(Information shown Opens)
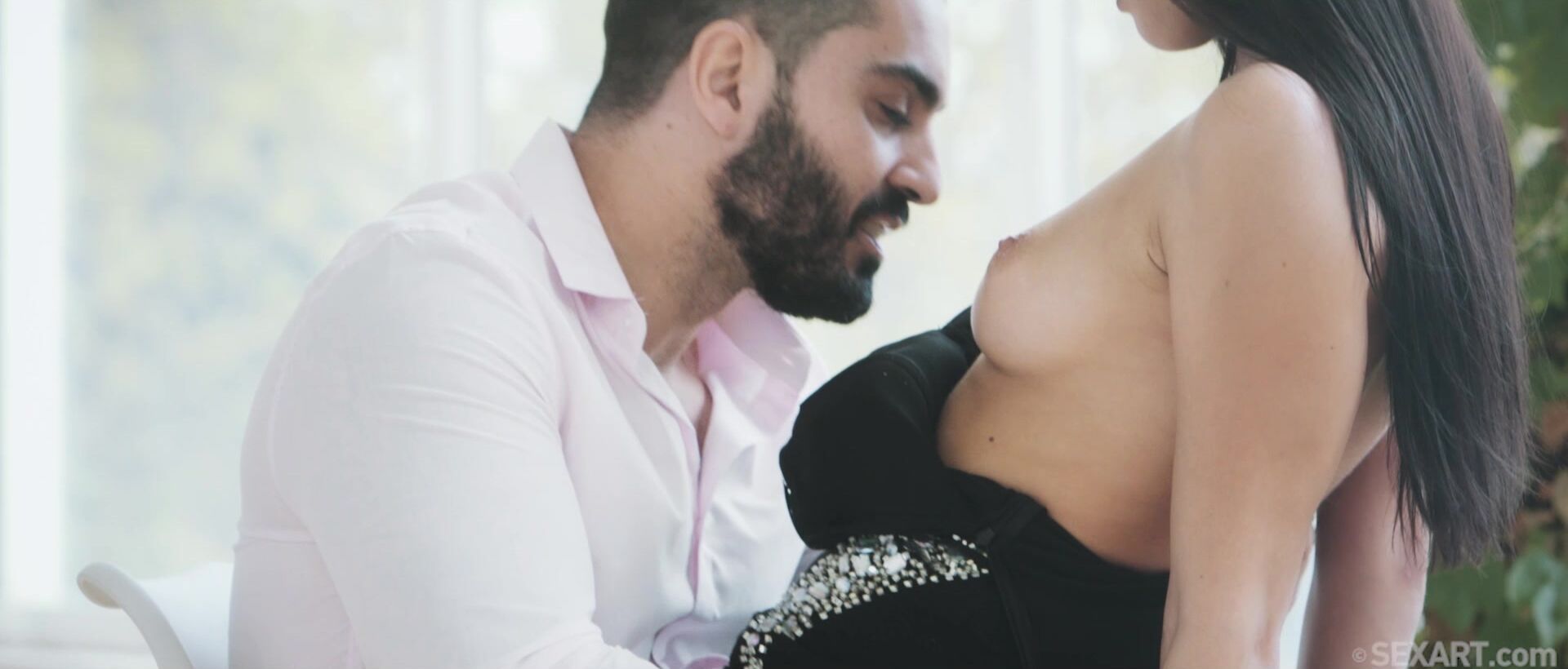 Stunning brunette Katy Rose moves gracefully as Andrej Lupin’s erotic movie “Shall We Dance” begins, her legs looking sensational in sexy heels and a dress split to her thigh. Miguel Zayos watches her from the balcony, then joins her for a dance that conveys all their mutual lust without words. Katy pushes Miguel into a seat, straddling him so he can stroke her pussy through her panties. He pulls down her dress to lavish attention on her beautiful breasts as she grinds in his lap, turning her on until she kneels to free his thick cock from his pants. Wrapping her fingers and lips around it, Katy bobs her head to suck him deeper with each stroke. She sits astride him again in cowgirl, sinking down on his dick and riding energetically, moaning as pleasure courses through her gorgeous body. Pausing to strip to her heels, Katy impales herself in reverse cowgirl, her tight pussy gripping Miguel’s cock as she slides up and down frenetically. She wants it from behind, bracing herself against the window as Miguel thrusts into her rapidly. He fucks her to a noisy orgasm, filling her with a hot cum load that drips out as they embrace.
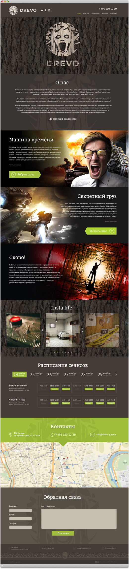 Сайт компании Drevo, организующей квесты - новый вид развлечений, позволяющий оторваться от компьютера. Уникальный дизайн, удобная система управления расписанием сеансов, заказ и оплата без модуля интернет-магазин!
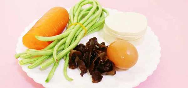 主料:豆角、木耳、紅蘿卜、雞蛋、餃子皮
(Information shown Closes)
## Problem description
Reproduce every line of the data above, exactly as it stands, but not the pictures.

## Written answer
 Stunning brunette Katy Rose moves gracefully as Andrej Lupin’s erotic movie “Shall We Dance” begins, her legs looking sensational in sexy heels and a dress split to her thigh. Miguel Zayos watches her from the balcony, then joins her for a dance that conveys all their mutual lust without words. Katy pushes Miguel into a seat, straddling him so he can stroke her pussy through her panties. He pulls down her dress to lavish attention on her beautiful breasts as she grinds in his lap, turning her on until she kneels to free his thick cock from his pants. Wrapping her fingers and lips around it, Katy bobs her head to suck him deeper with each stroke. She sits astride him again in cowgirl, sinking down on his dick and riding energetically, moaning as pleasure courses through her gorgeous body. Pausing to strip to her heels, Katy impales herself in reverse cowgirl, her tight pussy gripping Miguel’s cock as she slides up and down frenetically. She wants it from behind, bracing herself against the window as Miguel thrusts into her rapidly. He fucks her to a noisy orgasm, filling her with a hot cum load that drips out as they embrace.
 Сайт компании Drevo, организующей квесты - новый вид развлечений, позволяющий оторваться от компьютера. Уникальный дизайн, удобная система управления расписанием сеансов, заказ и оплата без модуля интернет-магазин!
 主料:豆角、木耳、紅蘿卜、雞蛋、餃子皮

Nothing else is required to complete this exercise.